J.P. Morgan erwirbt 49 Prozent an Viva Wallet
J.P. Morgan hat einer Übernahme von 49 Prozent der Anteile am griechischen Fintech-Unternehmen Viva Wallet zugestimmt. Die Transaktion unterliegt behördlichen Genehmigungen und zielt auf die Erweiterung der Händlerakquisitionsfähigkeiten für europäische KMU ab.

J.P. Morgan hat eine Vereinbarung zur Übernahme einer 49-prozentigen Beteiligung an Viva Wallet bekannt gegeben, einem europäischen Anbieter von Cloud-basierten Zahlungsdienstleistungen. Finanzielle Details der Transaktion wurden nicht offengelegt und die Übernahme bedarf noch der Zustimmung der Regulierungsbehörden.
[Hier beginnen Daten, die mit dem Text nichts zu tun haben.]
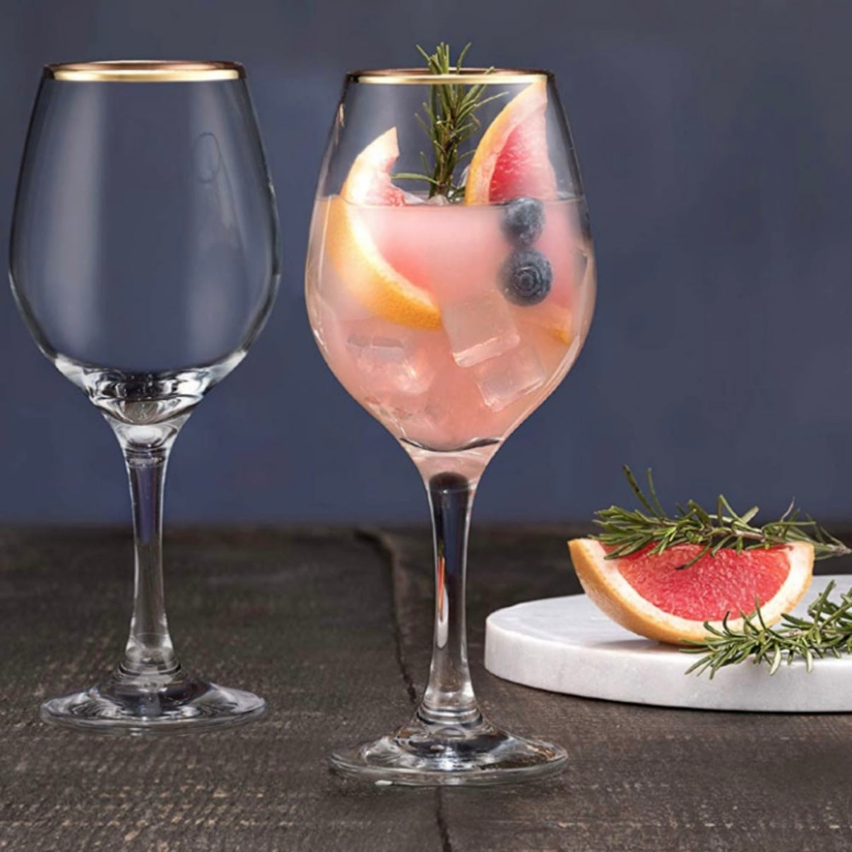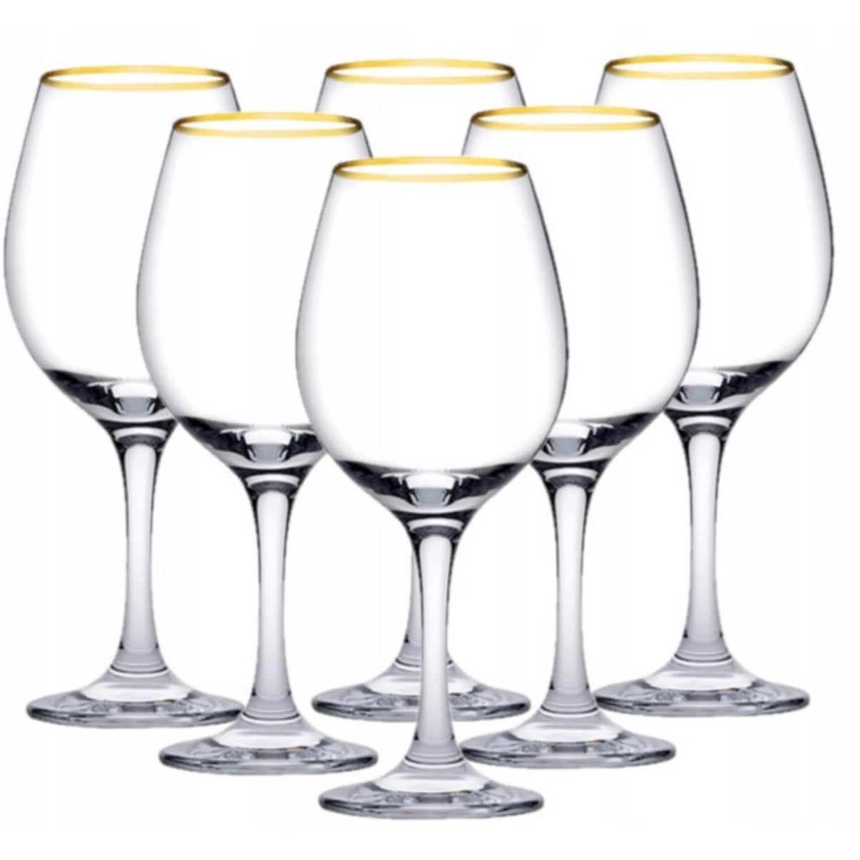 Set 6 Pahare Vin Amber Gold 365 ml – Sticlă premium margine auriu eleganta
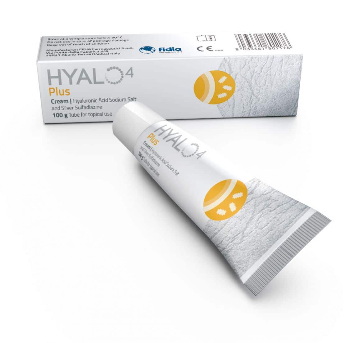 HYALO4 Plus Crème est une préparation topique dont les composants principaux sont le sel sodique d’acide hyaluronique et la sufadiazine d’argent.
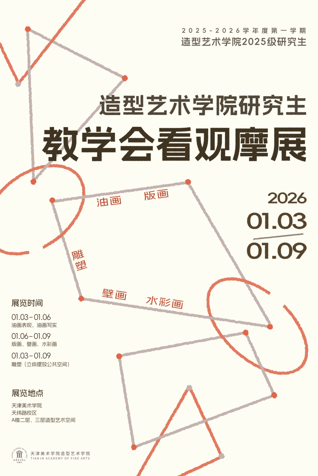 2026年1月3日至1月9日,造型艺术学院2025级研究生教学会看观摩展在天纬路校区A楼造型艺术空间顺利举办。本次展览集中呈现了80位研一学生的创作成果,涵盖油画写实13人、油画表现22人、版画18人、雕塑16人、壁画6人、水彩画5人,全面展现了学院研究生教学的初步成果与学生们的创作活力。同时研究生二、三年级也全面开展了作品会看工作,会看地点在各自教室与工作室。
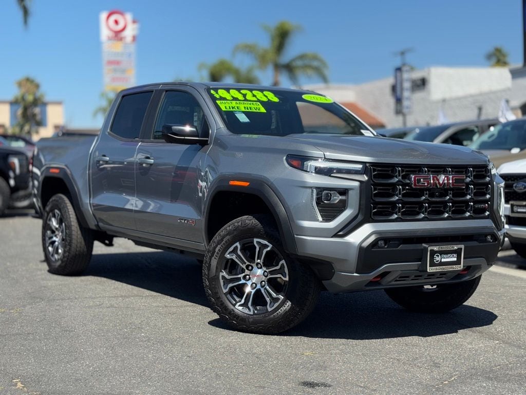 Sterling Metallic 2024 GMC Canyon AT4 4WD 8-Speed Automatic 2.7L I4 Turbocharged DOHC 16V LEV3-SULEV30 310hp Canyon AT4, 4D Crew Cab, 2.7L I4 Turbocharged DOHC 16V LEV3-SULEV30 310hp, 8-Speed Automatic, 4WD, Sterling Metallic, Jet Black/Timber Cloth, 120-Volt Bed Mounted Power Outlet, 2 Rear USB Ports in Center Console (Charge-Only), 8-Way Power Driver Seat Adjuster, Adaptive Cruise Control, Automatic Emergency Braking, Automatic Locking Rear Differential, Canyon Pro Safety, Canyon Safety Plus Package, Driver & Front Passenger Illuminated Visors, Dual-Zone Automatic Air Conditioning, EZ-Lift & Lower Tailgate, Following Distance Indicator, Forward Collision Alert, Front LED Fog Lamps, Front Pedestrian & Bicyclist Braking, HD Surround Vision, Heated Driver & Front Passenger Seats, Heated Power-Adjustable Outside Mirrors, Inside Rear-View Auto-Dimming Mirror, Integrated Trailer Brake Controller, IntelliBeam Automatic High Beam On/Off, Interior Overhead Courtesy Light w/Dual Reading Lamp, Lane Keep Assist w/Lane Departure Warning, Manual Rear-Sliding Window, MultiStow Tailgate, Navigation System, Power Driver Lumbar Control Seat Adjuster, Preferred Equipment Group 4SG, ProGrade Trailering System, Rear Cross Traffic Braking, Rear of Console 120-Volt Power Outlet, Rear Pedestrian Alert, Rear-Window Electric Defogger, Remote Vehicle Starter System, Tailgate Keyed Cylinder Lock, Technology Package, Tilt & Telescopic Manual Steering Column, Trailering App System, Trailering Package, Ultrasonic Rear Park Assist.
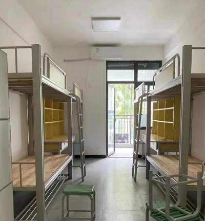 学校的标准的宿舍,寝室里面有桌子和椅子,床是上下铺的形式,整个房间的空间还是很大的,能够让学生很好的休息和生活,休息好了才能够有更高的学习效率。
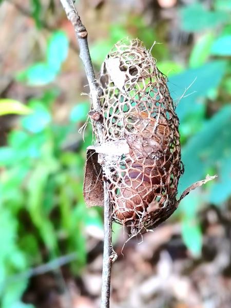 穿过星空木屋酒店的山坡,我们从山的另一侧农户的屋后下山,绕过一个干涸见底的池塘,从一个茅草洞爬出来,钻入一片灌木丛。迷茶眼尖,发现了真实版的金蝉脱壳,她真有心,准备带回家给孩子科普。我第一次见它,麻起胆子仔细端详平日不敢正视的虫子。从中也领悟到一点:当生活遇到挫折处于逆境时,我们要相信自己,既然能作茧自缚,也就能破茧成蝶。
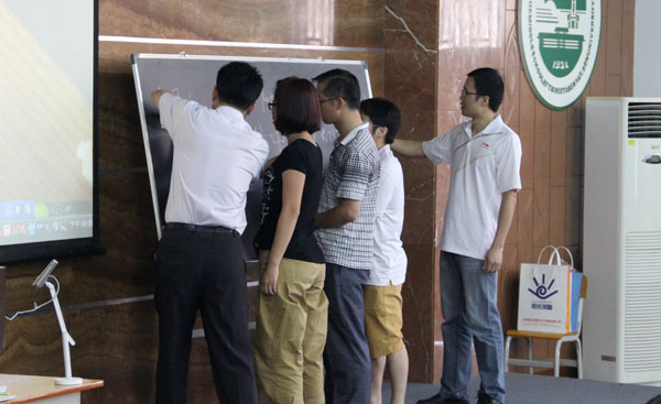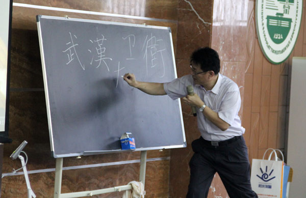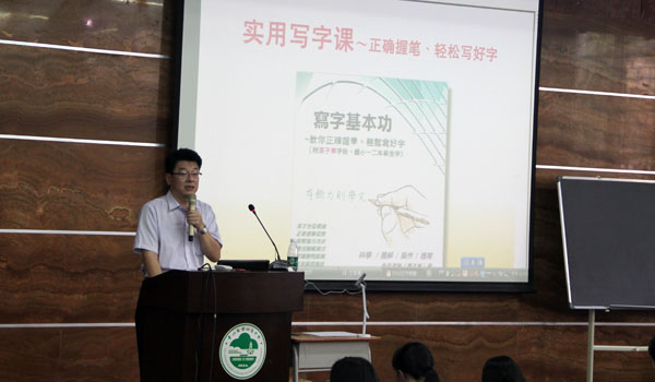 汉字是中华文化的缩影,而写好汉字更是学习和考试的基本必须。老师和学生人人在写字、天天在写字,可是据调查,对自己的书写水平不满意的人数达到73%。会书写、书写快、书写姿势正确、能对学生进行写字指导,对一个教师太重要了。8月25日下午,学校邀请了台湾的写字教学专家郑文彬(布衣)先生来讲学。
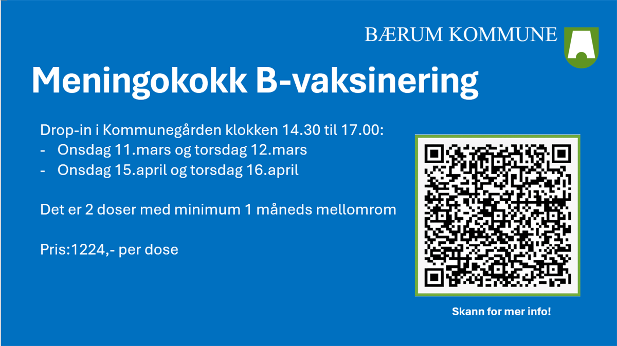 Tilbud om Meningokokk B vaksineringBærum kommune tilbyr vaksinering mot Meningokokk B. Publisert av Thomas Leirset Publisert 03.03.2026 14.21 Sist endret 03.03.2026 14.21
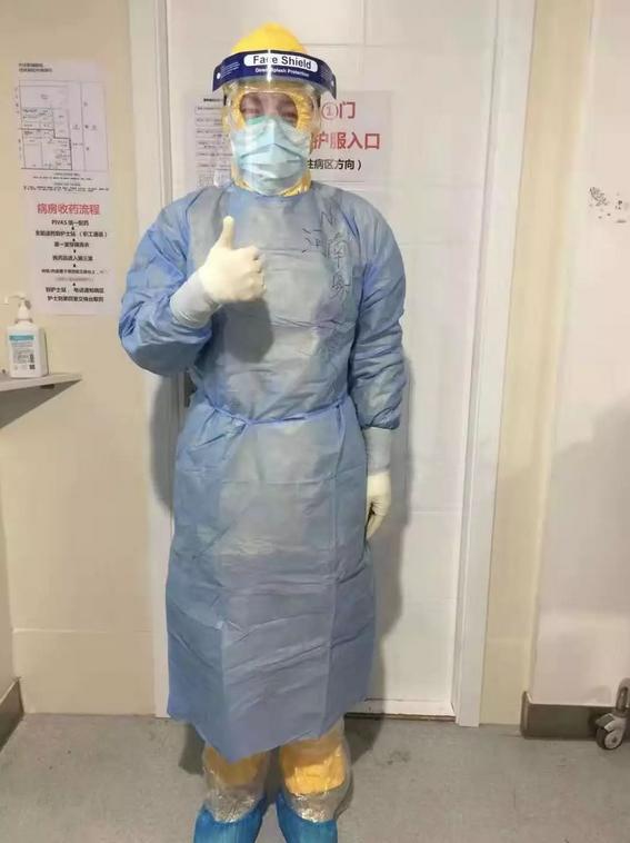 14:20,到達(dá)華中科技大學(xué)同濟(jì)醫(yī)院。直接刷門禁卡走醫(yī)務(wù)人員專用通道,換上洗手衣,然后開始武裝,感控老師很認(rèn)真地把我的頭發(fā)又梳了梳,盤的發(fā)髻不能太高,太高的話帽子會(huì)包不嚴(yán)下面的頭發(fā),太低的話前面的額頭包不住。然后開始從上到下一層一層的穿。

Die strategische Investition soll die Kapazitäten von J.P. Morgan im Bereich der Händlerakquise in Europa erweitern, mit einem besonderen Fokus auf kleine und mittlere Unternehmen (KMU). Ziel ist es, neue Mehrwertdienste einzuführen und Zahlungsinnovationen für dieses Marktsegment voranzutreiben.
"Wir freuen uns sehr über diese strategische Investition in Viva Wallet, um ihre Vision zu unterstützen, neues Wachstum und Zahlungsinnovationen für europäische KMU und mittelständische Händlerkunden zu ermöglichen", sagte Takis Georgakopoulos, Global Head of J.P. Morgan Payments. Er wies darauf hin, dass die europäische Zahlungslandschaft zwar fragmentiert sei, aber mit über 17 Millionen Händlern, die auf skalierbare Zahlungslösungen warten, eine erhebliche Chance biete.
Viva Wallet wurde im Jahr 2000 gegründet, hat seinen Hauptsitz in Athen, Griechenland, und ist in 23 Ländern tätig. Das Unternehmen hat eine eigene Cloud-basierte Plattform entwickelt, die Dienstleistungen wie Tap-to-Device-Technologie, Händlerfortzahlungen und die Ausgabe von virtuellen Debitkarten anbietet.
Diese Investition folgt auf die kürzlich angekündigte Absicht von J.P. Morgan, eine Kontrollmehrheit an der Zahlungsplattform der Volkswagen Financial Services AG zu erwerben, was eine breitere Expansion im europäischen Zahlungsverkehrsmarkt signalisiert.